Les regards de la duchesse tombèrent sur la fermeture de fonte de l'Oreille de Denys. Elle s'approcha de l'ouverture, souleva le lourd couvercle et écouta. Des flots de sons parvinrent jusqu'à elle, pareils aux murmures des vagues dans les coquillages. Tout à coup, il lui sembla que, non pas en bas, mais tout près d'elle, quelqu'un avait murmuré:

—Bellincioni... Bellincioni...

Elle poussa un cri et pâlit.

—Bellincioni! Comment n'y avait-elle pas songé à lui Oui, oui, certainement! Voilà de qui elle saurait tout... Chez lui, inaperçue... pour qu'on ne la cherche pas... Ah! tant pis! Je veux savoir, je ne puis plus supporter ce mensonge!

Elle se souvint que, sous prétexte de maladie, Bellincioni n'était pas venu au bal, elle calcula qu'il devait être seul chez lui à cette heure et appela le page Ricciardetto qui se tenait à la porte.

—Ordonne à deux porteurs de m'attendre avec un palanquin dans le parc, près de la porte secrète du palais. Seulement, si tu veux me plaire, que personne n'en sache rien? tu entends?... personne!

Elle lui donna sa main à baiser. L'adolescent courut exécuter les ordres.

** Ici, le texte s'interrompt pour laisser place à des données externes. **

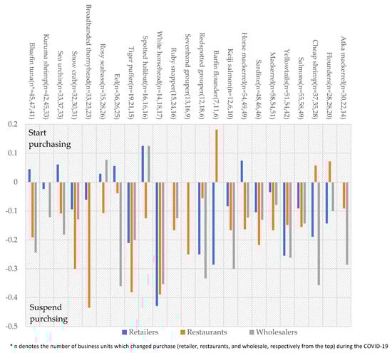Most business units across industries stopped trading the majority of seafood during the SOE. However, some retailers began trading bluefin and other luxury seafood products during this period. Together with the previous findings, these results indicate that while restaurants reduced luxury seafood, some retailers increased their trade in certain high-end species to some extent.

Béatrice revint dans la chambre, jeta sur ses épaules un manteau de martre, assujettit sur son visage un masque de soie noire et quelques minutes après se trouva dans son palanquin qui prenait la direction de la porte Ticcini où habitait Bellincioni.

VII

Le poète appelait sa vieille maison, à moitié en ruines, une «niche à grenouilles». Il recevait de nombreux cadeaux, mais menait une vie de désordres, buvait ou jouait tout ce qu'il possédait et c'est pourquoi la pauvreté, selon l'expression de Bellincioni lui-même, le poursuivait «comme une épouse fidèle et détestée».